„Wiele zależy od tego, kto pierwszy zmusi rywala do błędu”… Trener Kazimierz Moskal i pomocnik ŁKS-u Bartosz Szeliga odpowiedzieli na pytania dziennikarzy przed niedzielnym meczem z GKS-em Tychy, którym łodzianie wznowią rozgrywki Fortuna 1 Ligi.
Kazimierz Moskal (trener ŁKS-u): Sądzę, że wszystkie spotkania w tej lidze będą na początku wyrównane. Wiele więc zależy od tego, kto pierwszy zmusi przeciwnika do błędu. Spodziewamy się bardzo trudnej rundy wiosennej. […] Na dziś mam gotowy skład na niedzielę, ale to nie oznacza, że ta sama jedenastka ma gwarancję występów w kolejnych spotkaniach. […] Absolutnie nie zgadzam się z tezą, że karty w lidze zostały już rozdane.

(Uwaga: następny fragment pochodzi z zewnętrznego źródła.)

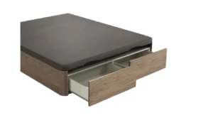 OFRECE LA VERSATILIDAD DE SUS CINCO ACABADOS DE MADERA,SOBRE UNA ESTRUCTURA FIRME Y SIN PATAS, DIRECTAMENTE A SUELO, PARA LOGRAR LA MÁXIMA CAPACIDAD INTERIOR POSIBLE. CON TEJIDO ANTIDESLIZANTE EN LA TAPA, QUE IMPIDE QUE EL COLCHÓN SE DESPLACE CUANDO SE ABRE EL COFRE.
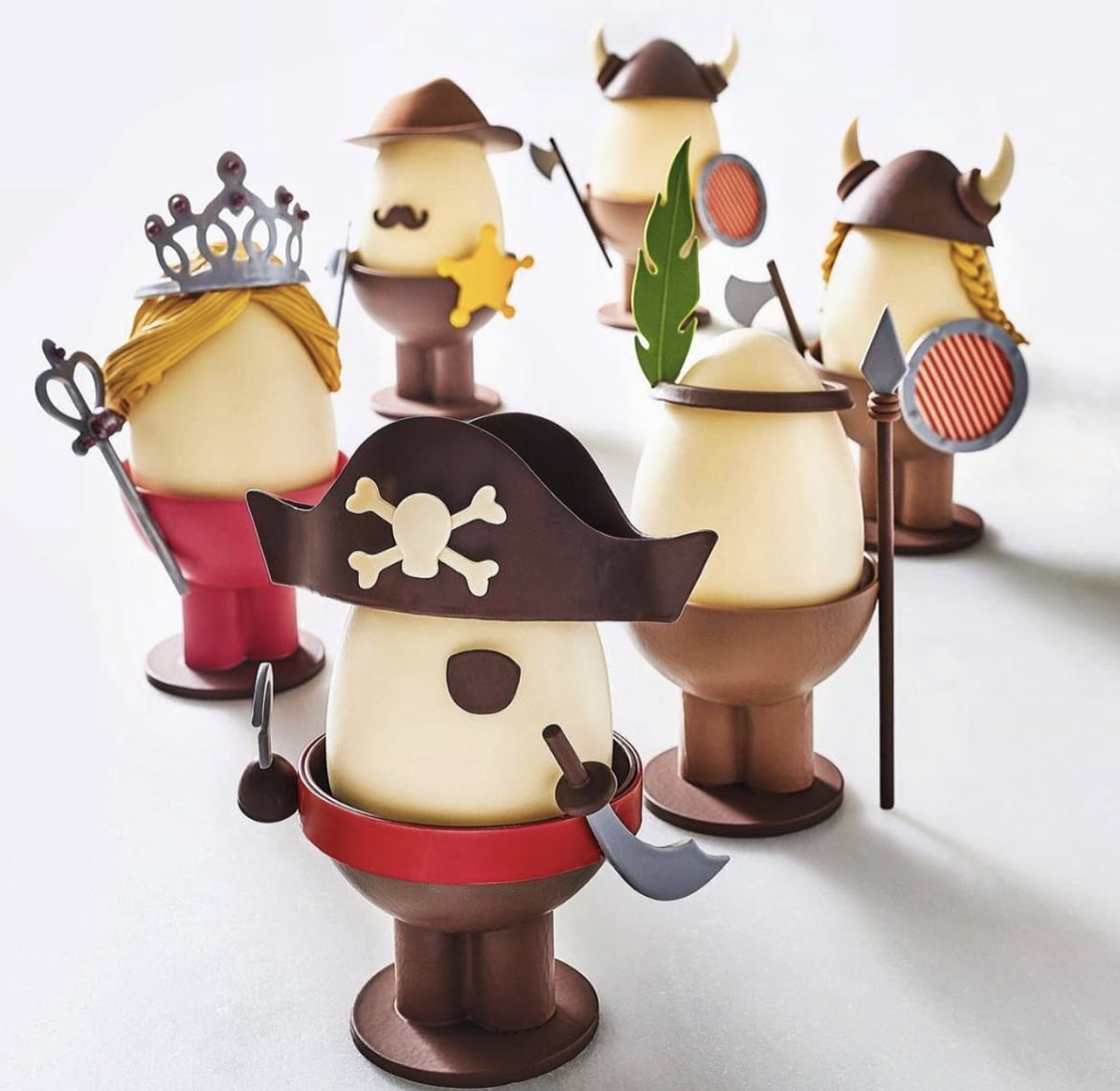 A los diferentes personajes universales, mágicos y simpáticos como la princesa, el pirata, la vikinga, el vaquero y el barco este año se suman el astronauta y el extraterrestre. Un total de siete piezas únicas que constituyen la mezcla perfecta entre tradición e innovación, rigurosamente trabajadas de manera artesanal y con un chocolate francés de primera calidad, a la altura de los paladares más exigentes.
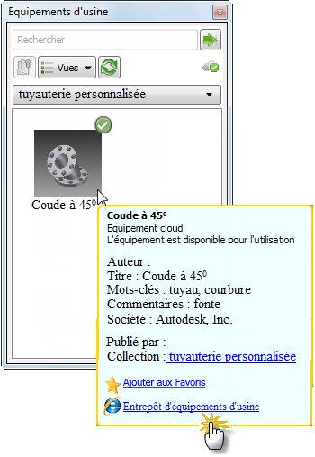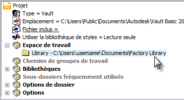 Tout nouvel équipement d'usine que vous créez et publiez peut désormais être ajouté directement au dossier Bibliothèque. Pour plus d'informations sur les projets Inventor, reportez-vous à la rubrique A propos des projets dans l'aide d'Inventor ou en ligne sur http://wikihelp.autodesk.com/Inventor/fra/2014.

Te różnice punktowe są niewielkie.
Bartosz Szeliga (piłkarz ŁKS-u): Na pewno cieszymy się z wyniku sprzedanych karnetów. Pokazaliśmy na boisku, że warto przychodzić na nasze mecze i trzymamy mocno kciuki za to, żeby „piątka” [tj. 5000 – przyp. wł.] pękła. […] Presja nadejdzie. To normalne. Jesteśmy liderem, każdy będzie się chciał pokazać w meczu z nami. Jesteśmy na to gotowi.